▶ Dataset extract

.....

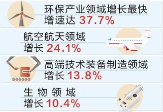 七大领域“六升一降”。在全省高新技术产业七大领域中,环保产业领域增长最快,增速达37.7%,高于高新技术产业增加值增速27.7个百分点;航空航天领域增长24.1%;高端技术装备制造领域增长13.8%;生物领域增长10.4%;电子信息领域增长9.6%;新材料领域增长8.3%;新能源领域下降3.3%。
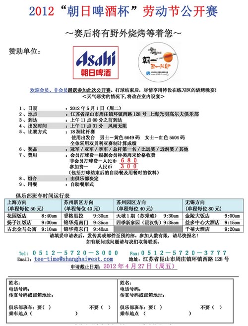 上海光明高尔夫2012劳动节公开赛5月1日开赛
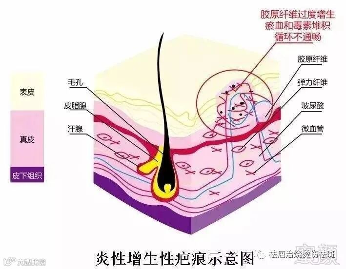 许多人都有这样的情况,在受伤的初期,认为小伤很快就好,不注意护理导致疤痕感染,引起肉芽组织过度增生,离炎性细胞越近,成肌纤维越多,疤痕形成越多。

.....

In your answer, copy exactly the lines running from the line with "上海光明高尔夫2012劳动节公开赛5月1日开赛" to the end of the material above, both included, and omit all pictures.

▶ Result of the exercise
 上海光明高尔夫2012劳动节公开赛5月1日开赛
 许多人都有这样的情况,在受伤的初期,认为小伤很快就好,不注意护理导致疤痕感染,引起肉芽组织过度增生,离炎性细胞越近,成肌纤维越多,疤痕形成越多。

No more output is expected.